The UK Society for Intravenous Anaesthesia
Based in the UK - as a resource for Anaesthesia Worldwide

Oxford Meeting - November 2002

Opioids and the Brain: fMRI

Richard Rogers Nuffield Department of Anaesthetics and FMRIB- University of Oxford

Analgesia is a complex area to study because it is difficult to quantify the different dimensions of pain. Pain is private, internal and subjective, it cannot be directly observed. Since we have no objective measures of pain, pain intensity is recorded by a variety of self-report scales that attempt to categorize this subjective experience. An objective measure of pain could revolutionise our understanding and management of this complex phenomenon.

Recent developments in functional brain imaging have provided insight into the way the brain processes noxious stimuli. Functional magnetic resonance imaging is a particularly good technique because it is non-invasive and has a comparatively good spatial and temporal resolution.

The Oxford Centre for Functional Magnetic Resonance Imaging of the Brain (FMRIB) is an MRC unit set up specifically to exploit this technology using a purpose built 3 Tesla magnet.
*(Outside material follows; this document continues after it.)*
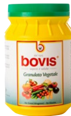
granulato vegetale kg 1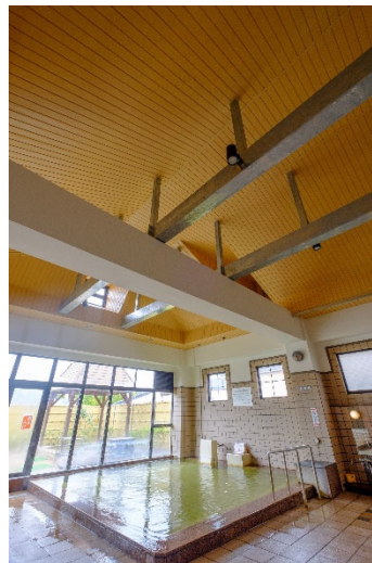
梁と天井の改修を行った男性浴室

Functional magnetic resonance imaging (fMRI) produces both structural and functional information. MRI uses magnetic fields and radio waves to provide an anatomical map of the brain based on the water density of tissues. Changes in local neuronal activity alter the local tissue oxygenation, blood flow and blood volume giving a blood oxygen level dependent (BOLD) signal. Comparison of the BOLD signal under two conditions; a baseline and a stimulus or response e.g. noxious stimulus, provides a measure of function. 

Functional Brain Imaging has revealed a network of central sites that respond to noxious stimuli. This pain matrix includes the thalamus and insular, lingulate and sensory cortices.

The pain group at FMRIB in Oxford has looked at how analgesics and psychological manipulation alters the activity of the pain matrix. In this talk, I present some of the units work on measuring the analgesia produced by remifentanil. This work suggests that the reduction in behavioural pain score seen with remifentanil can be imaged and that this reduction in pain can be objectively quantified.

Functional MRI has the potential to measure analgesia objectively and provide information on subcomponents of pain.